### What to work on:
Copy nothing but the text: reproduce each line of the listing exactly and leave the pictures out.

### Information supplied:
════════════════════
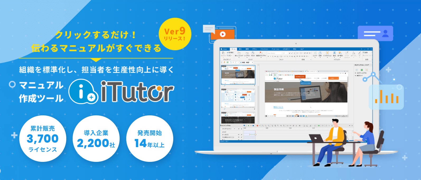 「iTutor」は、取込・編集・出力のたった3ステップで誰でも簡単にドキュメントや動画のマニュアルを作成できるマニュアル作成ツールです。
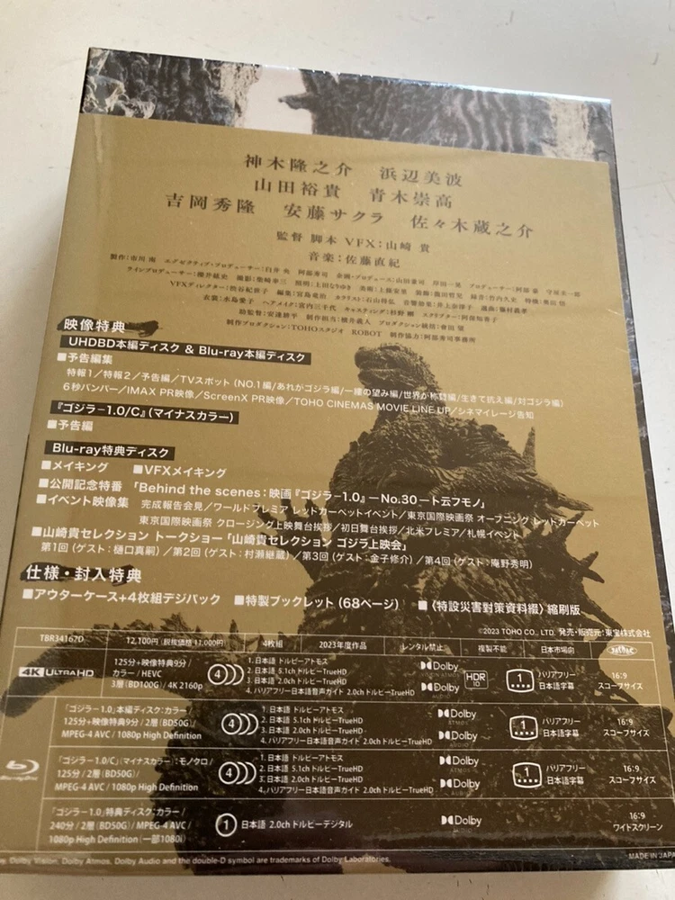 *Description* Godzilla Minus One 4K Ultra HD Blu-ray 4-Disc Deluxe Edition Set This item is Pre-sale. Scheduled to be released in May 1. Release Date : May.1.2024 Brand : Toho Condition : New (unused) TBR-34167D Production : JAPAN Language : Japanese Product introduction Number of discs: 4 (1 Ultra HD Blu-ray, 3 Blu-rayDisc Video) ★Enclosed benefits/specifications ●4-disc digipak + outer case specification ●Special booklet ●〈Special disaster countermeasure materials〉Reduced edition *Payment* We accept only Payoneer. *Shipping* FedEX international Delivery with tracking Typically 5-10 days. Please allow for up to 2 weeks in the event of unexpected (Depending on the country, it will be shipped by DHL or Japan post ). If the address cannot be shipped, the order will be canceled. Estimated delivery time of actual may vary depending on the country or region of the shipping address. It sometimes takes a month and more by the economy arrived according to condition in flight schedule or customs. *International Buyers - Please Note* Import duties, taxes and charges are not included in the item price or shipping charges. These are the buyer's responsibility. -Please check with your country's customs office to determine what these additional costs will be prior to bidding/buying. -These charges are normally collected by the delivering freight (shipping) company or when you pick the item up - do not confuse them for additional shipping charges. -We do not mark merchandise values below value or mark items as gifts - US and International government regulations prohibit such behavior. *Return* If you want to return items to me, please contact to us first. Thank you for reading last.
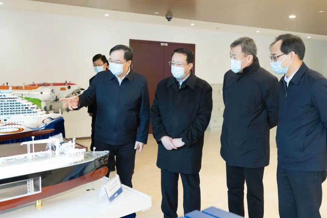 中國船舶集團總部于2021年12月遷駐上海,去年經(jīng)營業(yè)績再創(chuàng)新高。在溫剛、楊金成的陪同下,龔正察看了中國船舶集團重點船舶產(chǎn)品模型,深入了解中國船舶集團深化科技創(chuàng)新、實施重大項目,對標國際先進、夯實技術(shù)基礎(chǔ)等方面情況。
════════════════════
### Output:
 「iTutor」は、取込・編集・出力のたった3ステップで誰でも簡単にドキュメントや動画のマニュアルを作成できるマニュアル作成ツールです。
 *Description* Godzilla Minus One 4K Ultra HD Blu-ray 4-Disc Deluxe Edition Set This item is Pre-sale. Scheduled to be released in May 1. Release Date : May.1.2024 Brand : Toho Condition : New (unused) TBR-34167D Production : JAPAN Language : Japanese Product introduction Number of discs: 4 (1 Ultra HD Blu-ray, 3 Blu-rayDisc Video) ★Enclosed benefits/specifications ●4-disc digipak + outer case specification ●Special booklet ●〈Special disaster countermeasure materials〉Reduced edition *Payment* We accept only Payoneer. *Shipping* FedEX international Delivery with tracking Typically 5-10 days. Please allow for up to 2 weeks in the event of unexpected (Depending on the country, it will be shipped by DHL or Japan post ). If the address cannot be shipped, the order will be canceled. Estimated delivery time of actual may vary depending on the country or region of the shipping address. It sometimes takes a month and more by the economy arrived according to condition in flight schedule or customs. *International Buyers - Please Note* Import duties, taxes and charges are not included in the item price or shipping charges. These are the buyer's responsibility. -Please check with your country's customs office to determine what these additional costs will be prior to bidding/buying. -These charges are normally collected by the delivering freight (shipping) company or when you pick the item up - do not confuse them for additional shipping charges. -We do not mark merchandise values below value or mark items as gifts - US and International government regulations prohibit such behavior. *Return* If you want to return items to me, please contact to us first. Thank you for reading last.
 中國船舶集團總部于2021年12月遷駐上海,去年經(jīng)營業(yè)績再創(chuàng)新高。在溫剛、楊金成的陪同下,龔正察看了中國船舶集團重點船舶產(chǎn)品模型,深入了解中國船舶集團深化科技創(chuàng)新、實施重大項目,對標國際先進、夯實技術(shù)基礎(chǔ)等方面情況。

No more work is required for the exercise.